##### Working data

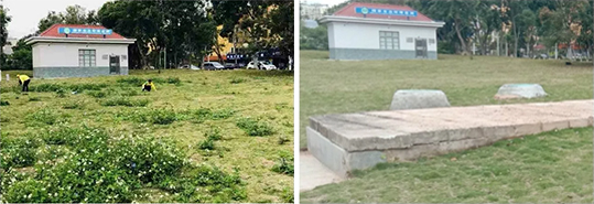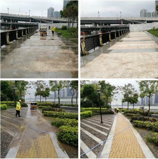僅經(jīng)過一天的奮戰(zhàn),進駐團隊就已完成路面清洗3500平方米,垃圾清運 3車,草坪修剪1500平方米,綠籬修剪800平方米 ,大型樹木修剪53棵,2座公廁已完成深度保潔。
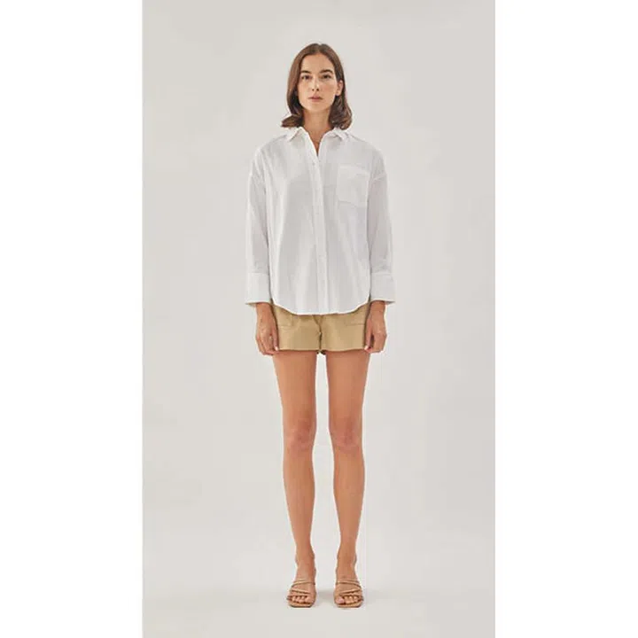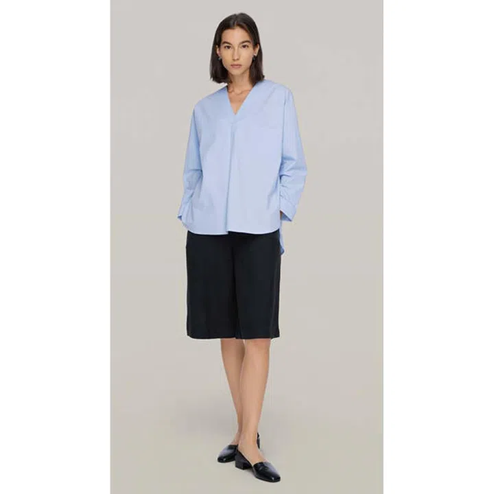 要更有休闲感,你可以解开衬衫的领口,或者选择这类V领的宽松设计。搭配百慕大短裤,再戴上一条精致的细链项链,整个造型随性又很french chic。
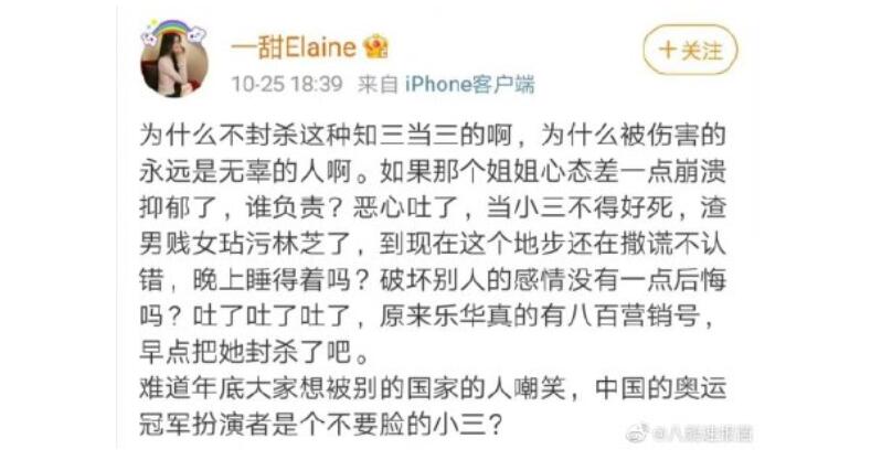结果没想到李杨璐才刚爆料,过去也曾卷入吴亦凡事件中的受害人一甜Elaine,也针对此事发声了。一甜Elaine直言:为什么不封杀这种知三当三的啊?、到现在这个地步还在撒谎不认错,晚上睡得着吗?破坏别人感情没一点后悔吗?、难道年底大家想被嘲笑,中国奥运冠军是个不要脸的小三?更直接杠上孟美岐的粉丝:问问你家孟美岐认不认识钟某人
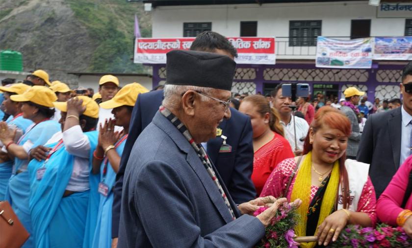 म्याग्दी । प्रधानमन्त्री केपी शर्मा ओली म्याग्दीको अन्नपूर्ण गाउँपालिका–४ नारच्याङ आइुपुग्नु भएको छ । अन्नपूर्ण हिमाल आरोहण भएको ७५औं वार्षिकोत्सवमा अन्नपूर्ण गाउँपालिकाले आयोजना हीरक महोत्व उद्घाटन गर्न प्रधानमन्त्री यहाँ आउनुभएको हो ।
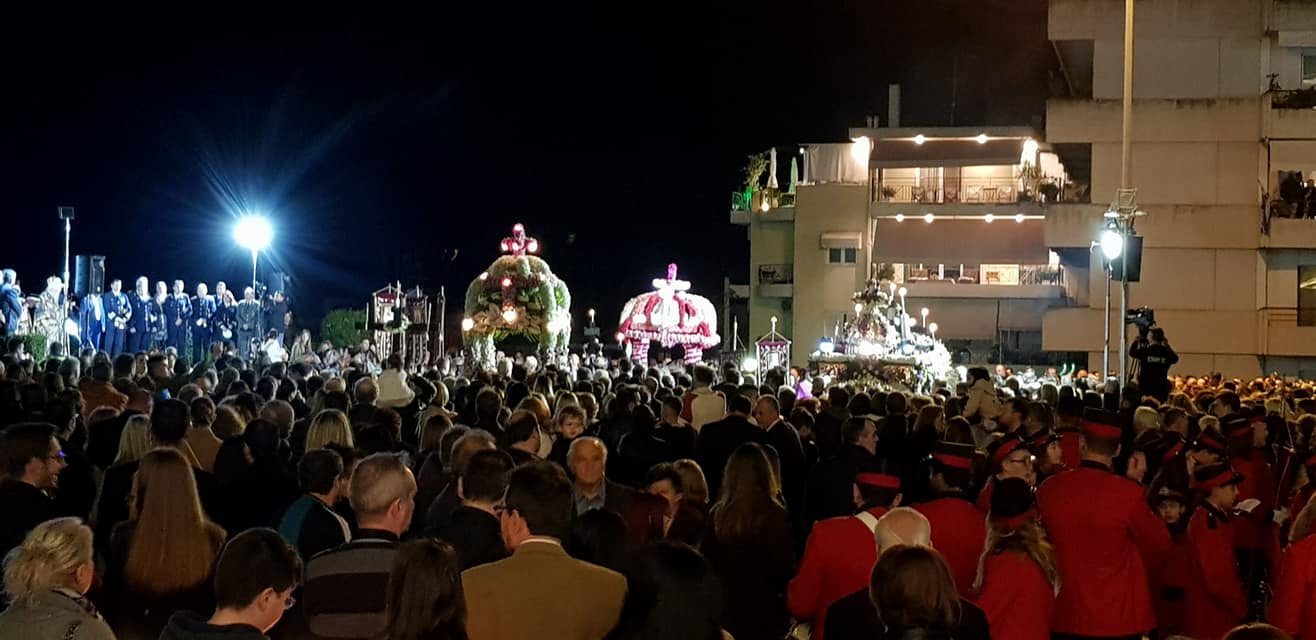 Στην κεντρική πλατεία έφθασανοι επιτάφιοι των Ενοριών Αγίου Νικολάου, Αγίου Αθανασίου, Αγίου Διονυσίου και της Αγίας Κυριακής.
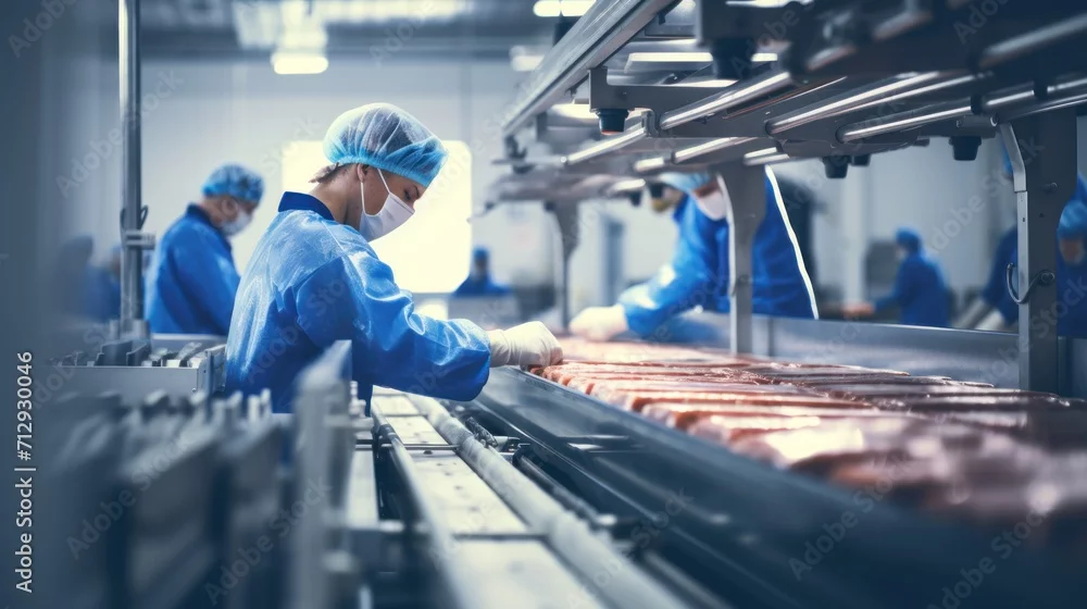 Obraz Production line in the food factory.Factory for the production of food from meat.Industrial equipment at a meat factory.Automated production line in modern food factory.People working.

##########

§ **What you will do**:
Without the pictures, return the whole of the data exactly as given.

§ **Exercise response**:
僅經(jīng)過一天的奮戰(zhàn),進駐團隊就已完成路面清洗3500平方米,垃圾清運 3車,草坪修剪1500平方米,綠籬修剪800平方米 ,大型樹木修剪53棵,2座公廁已完成深度保潔。
 要更有休闲感,你可以解开衬衫的领口,或者选择这类V领的宽松设计。搭配百慕大短裤,再戴上一条精致的细链项链,整个造型随性又很french chic。
结果没想到李杨璐才刚爆料,过去也曾卷入吴亦凡事件中的受害人一甜Elaine,也针对此事发声了。一甜Elaine直言:为什么不封杀这种知三当三的啊?、到现在这个地步还在撒谎不认错,晚上睡得着吗?破坏别人感情没一点后悔吗?、难道年底大家想被嘲笑,中国奥运冠军是个不要脸的小三?更直接杠上孟美岐的粉丝:问问你家孟美岐认不认识钟某人
 म्याग्दी । प्रधानमन्त्री केपी शर्मा ओली म्याग्दीको अन्नपूर्ण गाउँपालिका–४ नारच्याङ आइुपुग्नु भएको छ । अन्नपूर्ण हिमाल आरोहण भएको ७५औं वार्षिकोत्सवमा अन्नपूर्ण गाउँपालिकाले आयोजना हीरक महोत्व उद्घाटन गर्न प्रधानमन्त्री यहाँ आउनुभएको हो ।
 Στην κεντρική πλατεία έφθασανοι επιτάφιοι των Ενοριών Αγίου Νικολάου, Αγίου Αθανασίου, Αγίου Διονυσίου και της Αγίας Κυριακής.
 Obraz Production line in the food factory.Factory for the production of food from meat.Industrial equipment at a meat factory.Automated production line in modern food factory.People working.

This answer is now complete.